§ EXERCISE OBJECTIVE
What is needed is every line from the one holding "Nasz test stericlin®" to the last line of the data below, printed exactly and without pictures.

§ RECORDS FOR THIS EXERCISE
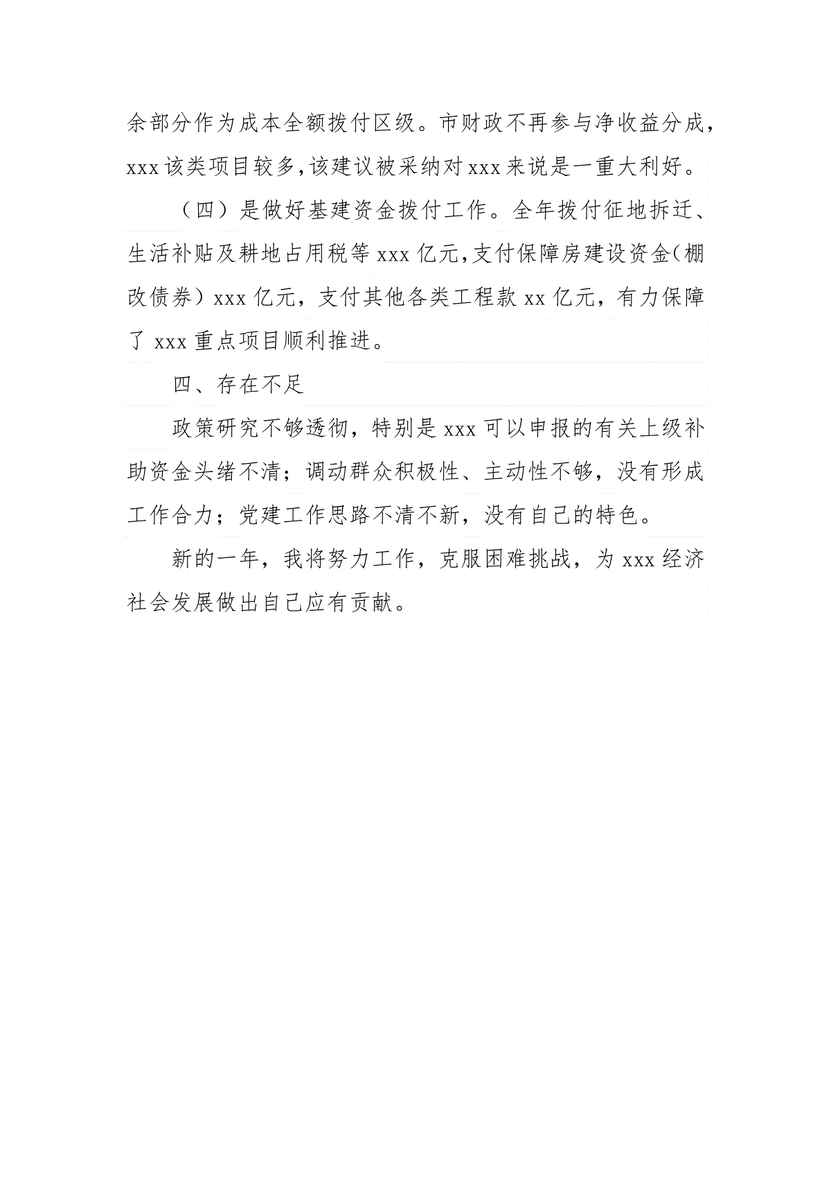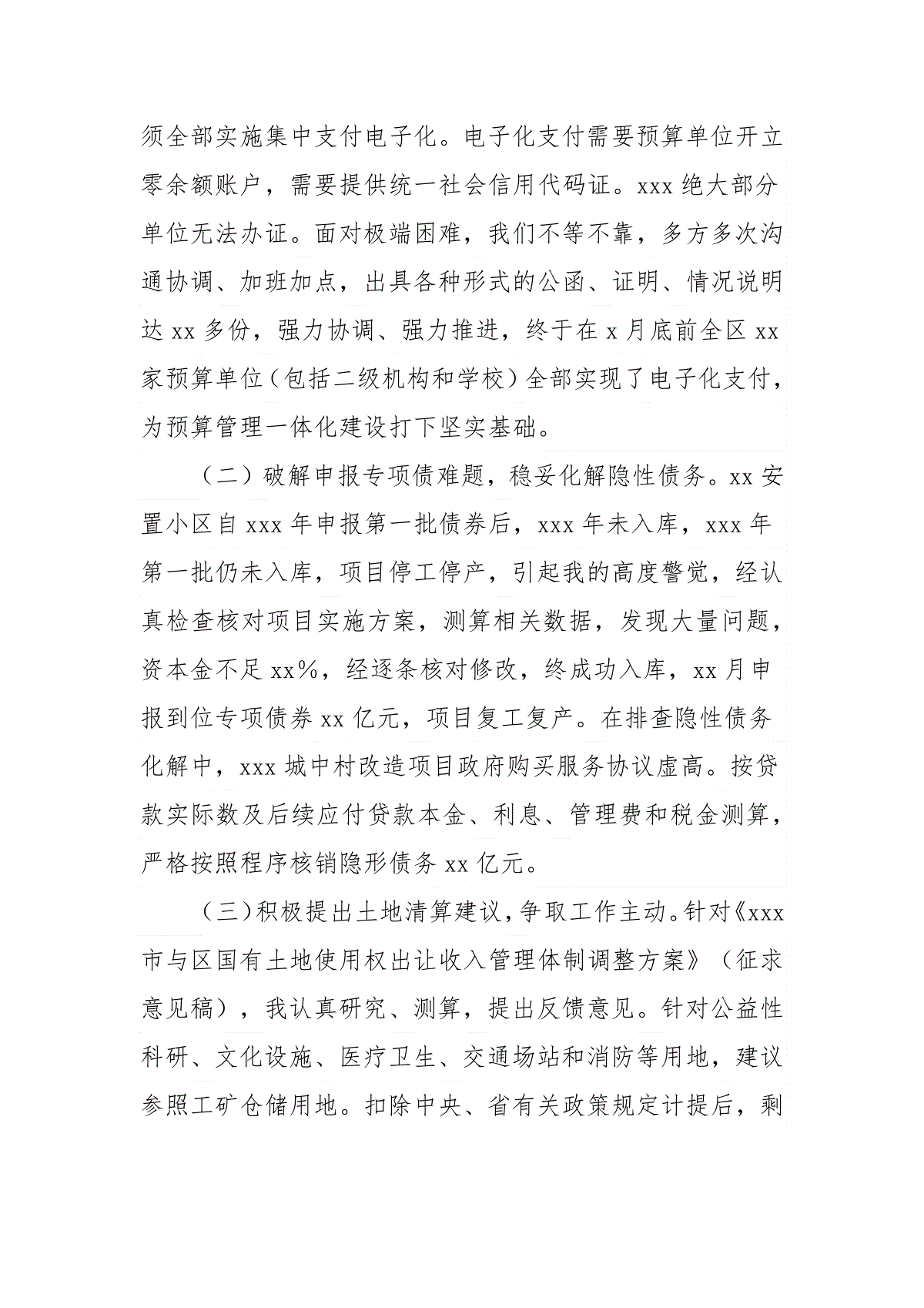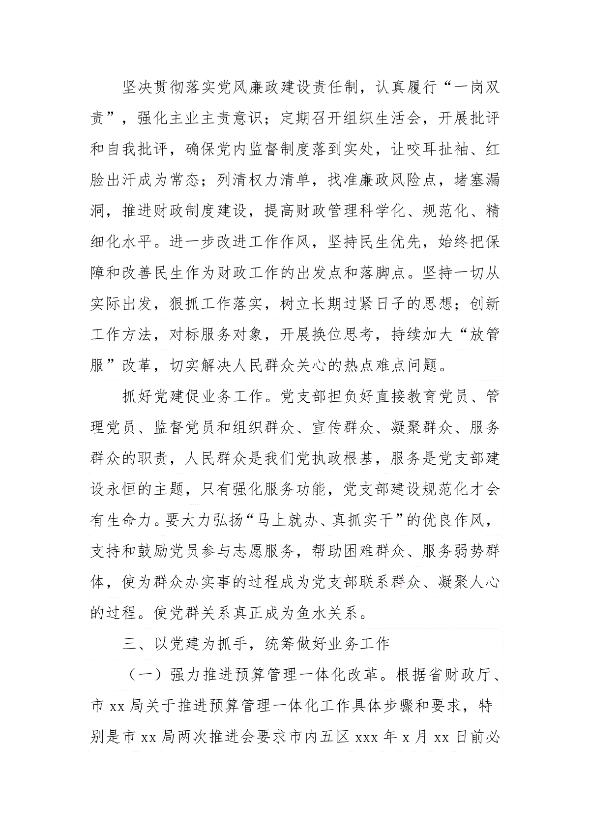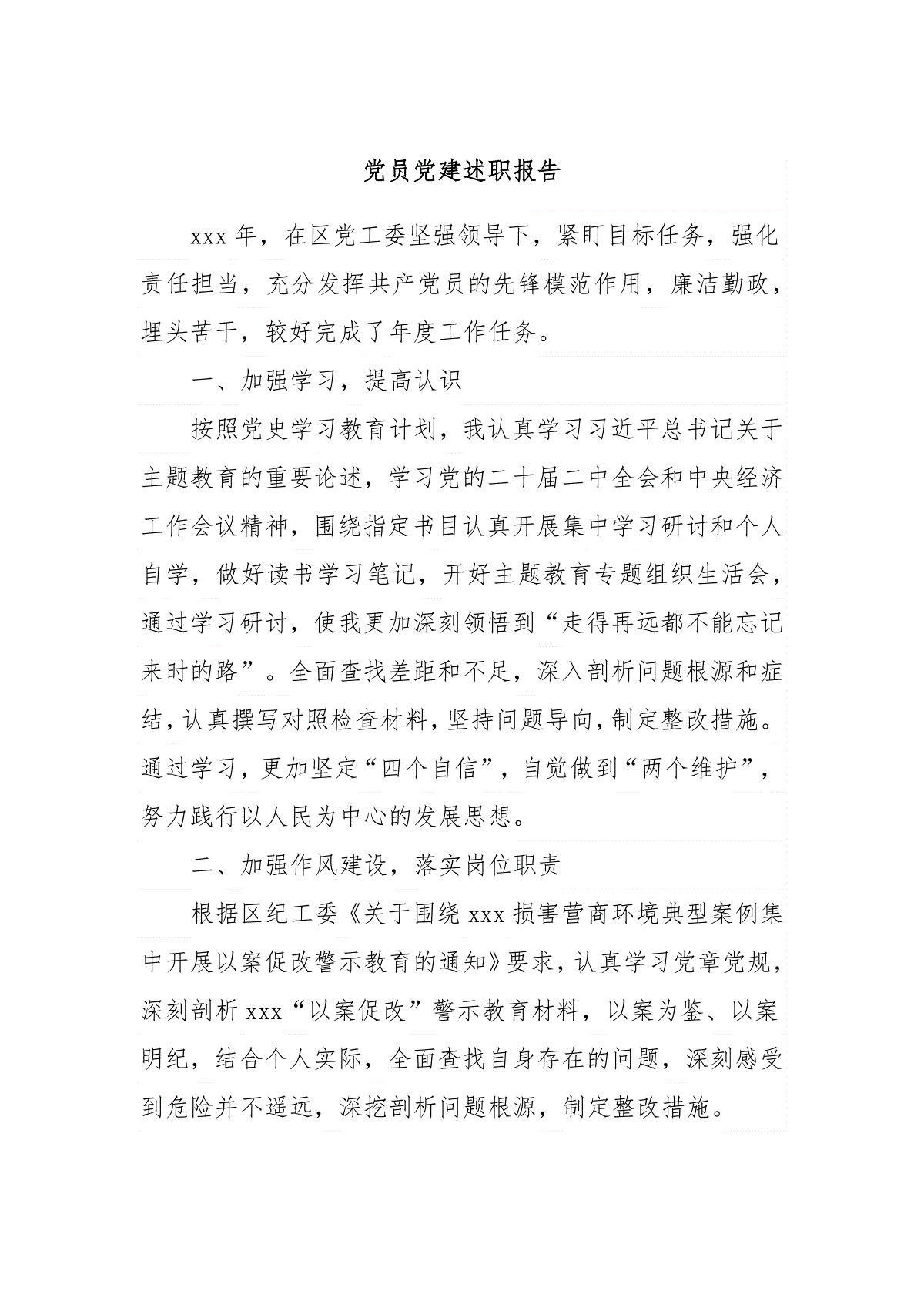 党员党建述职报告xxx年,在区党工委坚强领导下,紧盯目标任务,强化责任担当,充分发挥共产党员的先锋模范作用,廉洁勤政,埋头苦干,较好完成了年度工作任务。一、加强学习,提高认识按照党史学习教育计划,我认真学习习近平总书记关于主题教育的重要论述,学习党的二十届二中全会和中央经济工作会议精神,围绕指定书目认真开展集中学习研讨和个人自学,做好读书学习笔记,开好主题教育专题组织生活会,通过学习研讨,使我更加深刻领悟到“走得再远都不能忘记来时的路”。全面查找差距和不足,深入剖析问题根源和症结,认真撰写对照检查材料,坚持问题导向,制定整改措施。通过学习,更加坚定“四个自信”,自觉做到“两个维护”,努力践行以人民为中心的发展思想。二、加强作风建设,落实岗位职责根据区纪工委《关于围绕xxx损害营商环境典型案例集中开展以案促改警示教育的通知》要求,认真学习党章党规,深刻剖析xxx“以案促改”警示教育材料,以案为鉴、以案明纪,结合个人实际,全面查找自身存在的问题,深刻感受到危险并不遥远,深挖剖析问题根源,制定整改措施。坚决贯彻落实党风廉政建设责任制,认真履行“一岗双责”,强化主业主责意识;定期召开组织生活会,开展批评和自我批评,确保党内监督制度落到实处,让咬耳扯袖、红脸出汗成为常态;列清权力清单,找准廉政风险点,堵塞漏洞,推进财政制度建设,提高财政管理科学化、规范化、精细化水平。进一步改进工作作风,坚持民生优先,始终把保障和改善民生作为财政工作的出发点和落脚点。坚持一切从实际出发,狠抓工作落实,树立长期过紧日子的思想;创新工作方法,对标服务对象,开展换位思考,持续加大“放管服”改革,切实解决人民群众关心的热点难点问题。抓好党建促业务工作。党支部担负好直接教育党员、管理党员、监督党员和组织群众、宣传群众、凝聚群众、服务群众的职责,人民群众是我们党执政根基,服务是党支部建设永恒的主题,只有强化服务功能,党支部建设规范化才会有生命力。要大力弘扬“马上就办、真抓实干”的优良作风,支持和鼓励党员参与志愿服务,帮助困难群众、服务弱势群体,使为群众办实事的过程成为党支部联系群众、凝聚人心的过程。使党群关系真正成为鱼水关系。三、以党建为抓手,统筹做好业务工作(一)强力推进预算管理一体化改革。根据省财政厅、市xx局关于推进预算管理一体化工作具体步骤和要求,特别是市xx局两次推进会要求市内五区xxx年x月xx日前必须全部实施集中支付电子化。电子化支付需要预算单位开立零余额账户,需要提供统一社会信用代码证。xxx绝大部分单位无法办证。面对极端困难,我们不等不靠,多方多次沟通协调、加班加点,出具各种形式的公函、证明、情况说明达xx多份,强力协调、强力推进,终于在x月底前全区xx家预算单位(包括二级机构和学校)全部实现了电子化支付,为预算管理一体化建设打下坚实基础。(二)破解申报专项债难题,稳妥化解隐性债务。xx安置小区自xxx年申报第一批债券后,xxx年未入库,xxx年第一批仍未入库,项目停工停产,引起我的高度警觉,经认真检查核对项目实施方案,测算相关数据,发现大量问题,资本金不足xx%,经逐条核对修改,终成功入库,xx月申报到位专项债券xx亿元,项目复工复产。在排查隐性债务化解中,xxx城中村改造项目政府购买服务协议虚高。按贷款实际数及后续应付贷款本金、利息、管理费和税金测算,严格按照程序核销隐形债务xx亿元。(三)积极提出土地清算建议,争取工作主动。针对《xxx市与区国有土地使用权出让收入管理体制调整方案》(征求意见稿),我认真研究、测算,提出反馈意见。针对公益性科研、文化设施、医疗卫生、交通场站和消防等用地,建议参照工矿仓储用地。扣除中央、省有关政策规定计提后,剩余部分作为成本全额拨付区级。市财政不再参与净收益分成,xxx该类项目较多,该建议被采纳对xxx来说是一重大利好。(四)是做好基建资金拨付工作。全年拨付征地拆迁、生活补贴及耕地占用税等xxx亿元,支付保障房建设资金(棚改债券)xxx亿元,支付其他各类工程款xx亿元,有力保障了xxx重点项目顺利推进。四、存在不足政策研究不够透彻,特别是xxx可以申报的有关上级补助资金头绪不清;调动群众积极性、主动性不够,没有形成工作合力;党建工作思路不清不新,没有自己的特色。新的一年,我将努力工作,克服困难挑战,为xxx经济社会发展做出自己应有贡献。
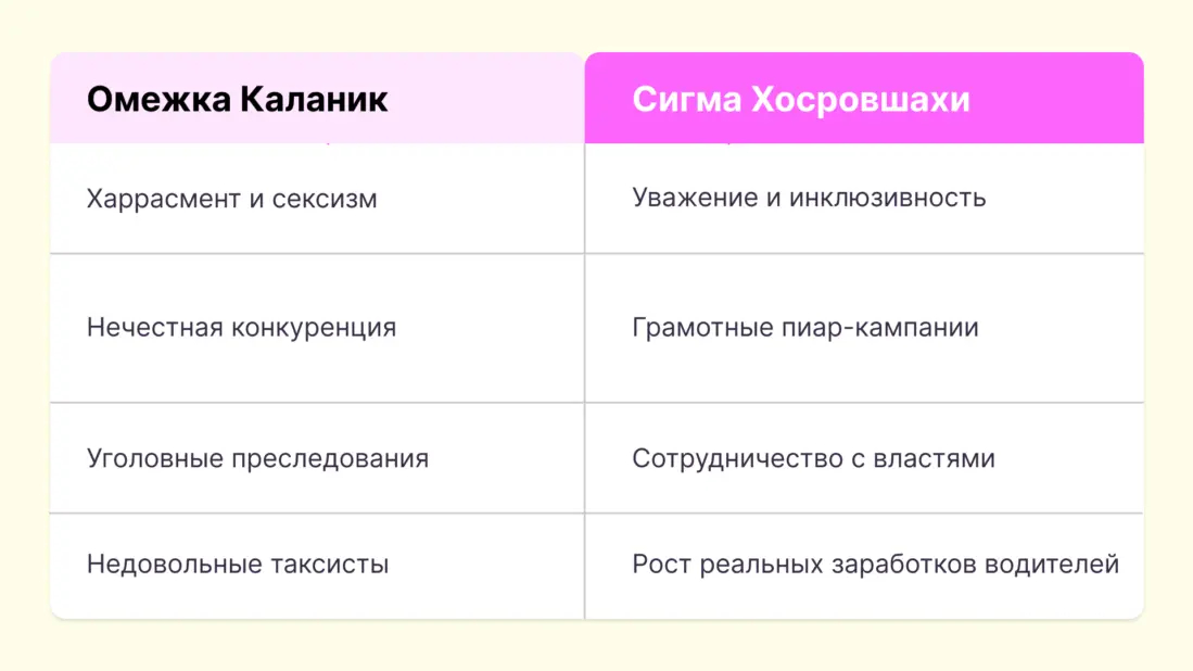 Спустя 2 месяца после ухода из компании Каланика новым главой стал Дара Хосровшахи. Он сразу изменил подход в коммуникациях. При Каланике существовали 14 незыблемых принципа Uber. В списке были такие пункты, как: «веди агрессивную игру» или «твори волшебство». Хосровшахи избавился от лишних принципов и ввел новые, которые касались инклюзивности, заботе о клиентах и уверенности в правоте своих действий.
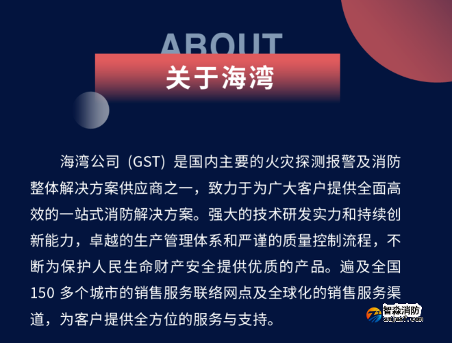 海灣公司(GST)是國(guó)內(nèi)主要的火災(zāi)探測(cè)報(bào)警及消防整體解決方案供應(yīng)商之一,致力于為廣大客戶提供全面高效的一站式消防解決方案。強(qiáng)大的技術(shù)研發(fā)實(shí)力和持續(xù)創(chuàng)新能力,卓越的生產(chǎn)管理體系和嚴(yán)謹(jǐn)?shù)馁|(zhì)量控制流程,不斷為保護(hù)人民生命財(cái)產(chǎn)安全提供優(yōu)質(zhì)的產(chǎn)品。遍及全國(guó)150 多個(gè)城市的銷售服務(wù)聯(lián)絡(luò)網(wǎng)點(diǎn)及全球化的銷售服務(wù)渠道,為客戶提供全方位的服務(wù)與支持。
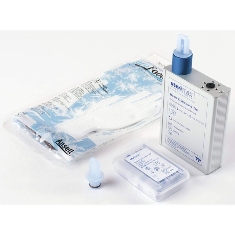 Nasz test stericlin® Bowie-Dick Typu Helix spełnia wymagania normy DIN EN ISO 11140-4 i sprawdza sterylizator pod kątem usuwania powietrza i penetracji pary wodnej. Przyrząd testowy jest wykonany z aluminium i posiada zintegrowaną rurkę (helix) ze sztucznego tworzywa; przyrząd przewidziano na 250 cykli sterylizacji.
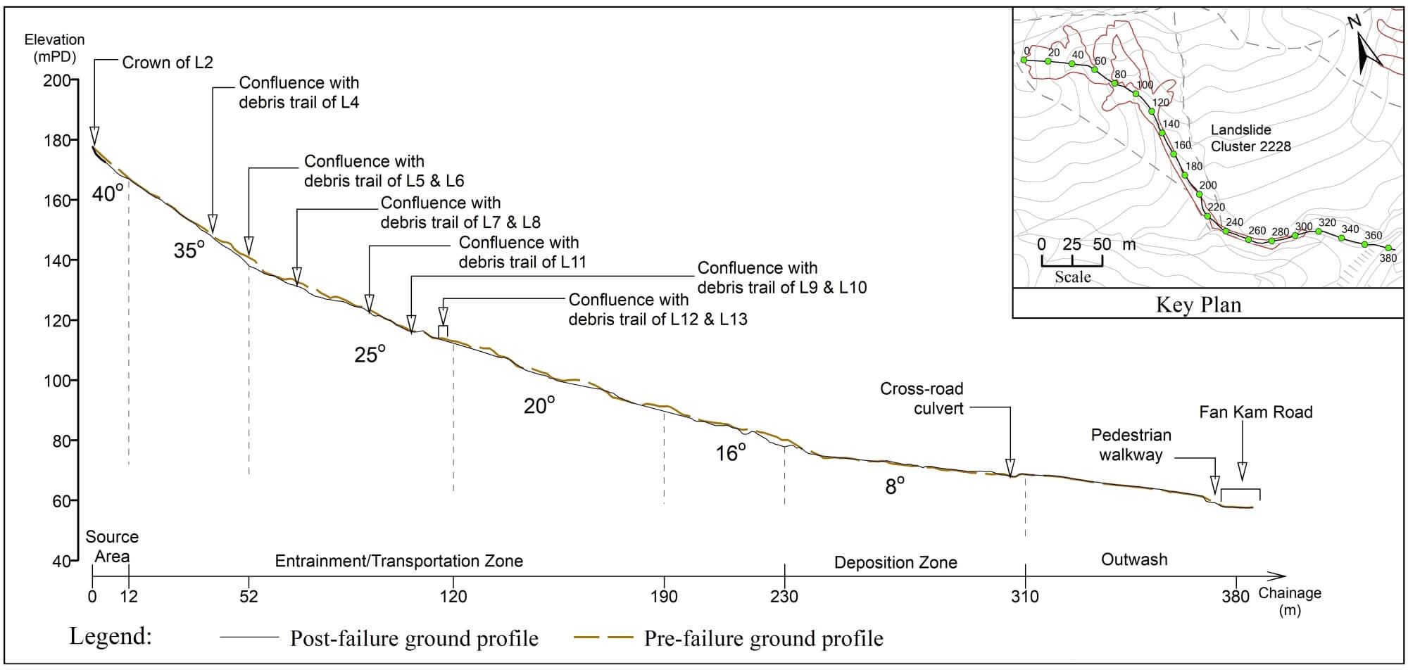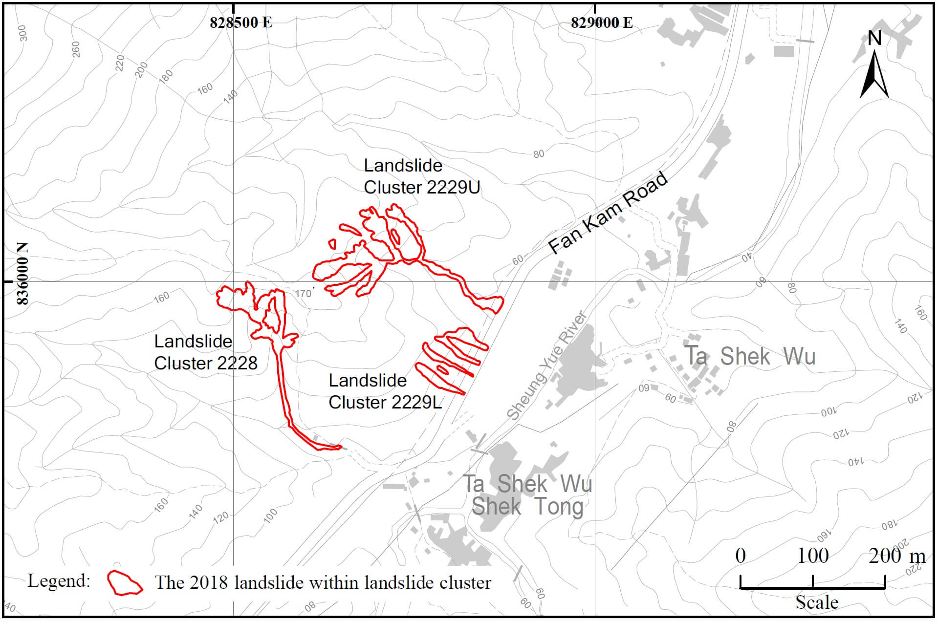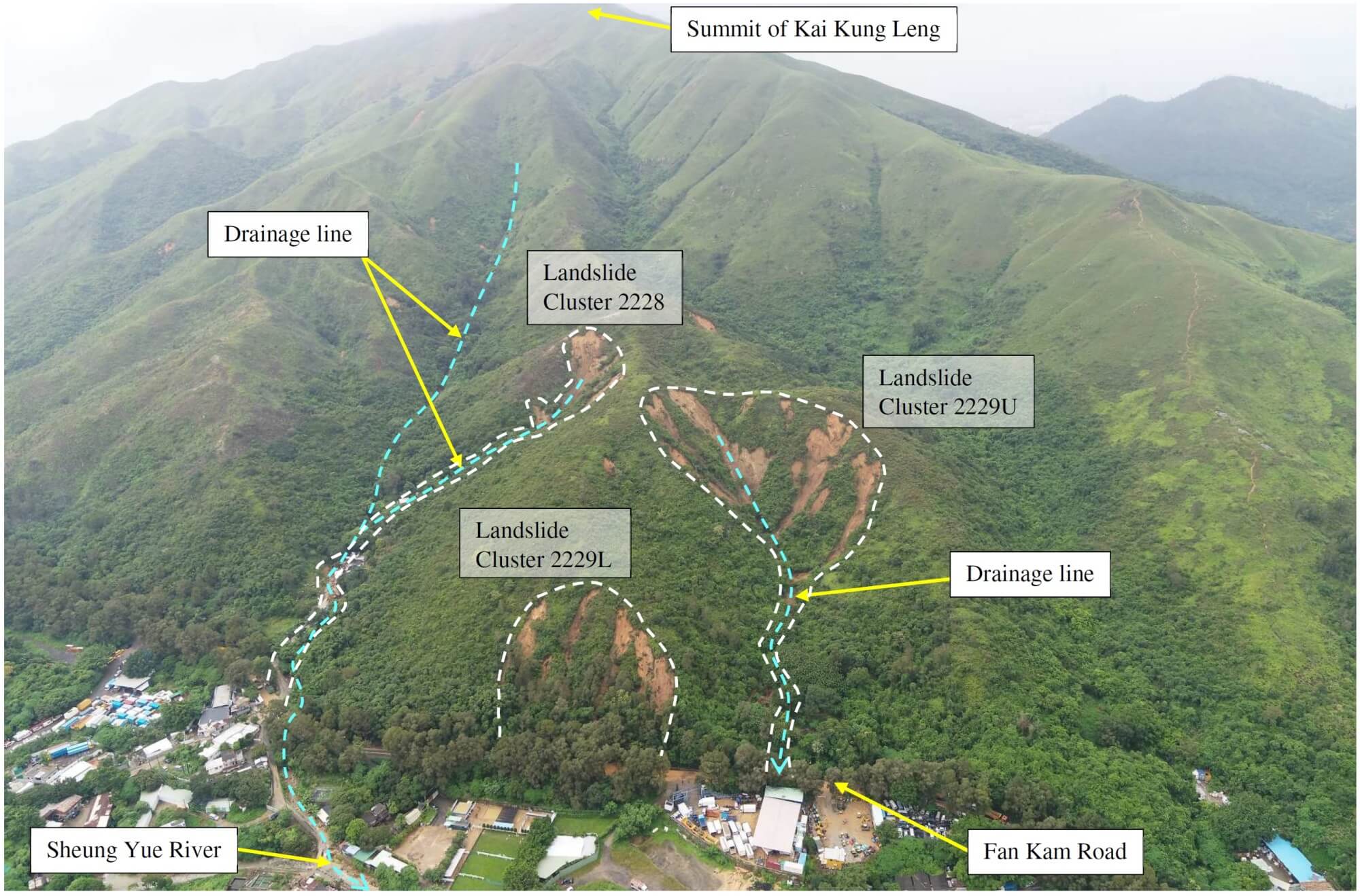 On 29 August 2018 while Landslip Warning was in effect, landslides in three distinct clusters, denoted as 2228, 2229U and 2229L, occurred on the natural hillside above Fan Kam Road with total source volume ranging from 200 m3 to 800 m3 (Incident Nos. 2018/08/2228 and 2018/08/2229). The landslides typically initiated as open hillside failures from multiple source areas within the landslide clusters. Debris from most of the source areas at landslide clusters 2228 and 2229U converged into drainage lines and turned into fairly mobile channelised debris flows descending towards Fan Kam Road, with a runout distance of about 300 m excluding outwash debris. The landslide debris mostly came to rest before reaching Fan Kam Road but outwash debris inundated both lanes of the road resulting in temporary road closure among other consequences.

§ WRITTEN SOLUTION
 Nasz test stericlin® Bowie-Dick Typu Helix spełnia wymagania normy DIN EN ISO 11140-4 i sprawdza sterylizator pod kątem usuwania powietrza i penetracji pary wodnej. Przyrząd testowy jest wykonany z aluminium i posiada zintegrowaną rurkę (helix) ze sztucznego tworzywa; przyrząd przewidziano na 250 cykli sterylizacji.
 On 29 August 2018 while Landslip Warning was in effect, landslides in three distinct clusters, denoted as 2228, 2229U and 2229L, occurred on the natural hillside above Fan Kam Road with total source volume ranging from 200 m3 to 800 m3 (Incident Nos. 2018/08/2228 and 2018/08/2229). The landslides typically initiated as open hillside failures from multiple source areas within the landslide clusters. Debris from most of the source areas at landslide clusters 2228 and 2229U converged into drainage lines and turned into fairly mobile channelised debris flows descending towards Fan Kam Road, with a runout distance of about 300 m excluding outwash debris. The landslide debris mostly came to rest before reaching Fan Kam Road but outwash debris inundated both lanes of the road resulting in temporary road closure among other consequences.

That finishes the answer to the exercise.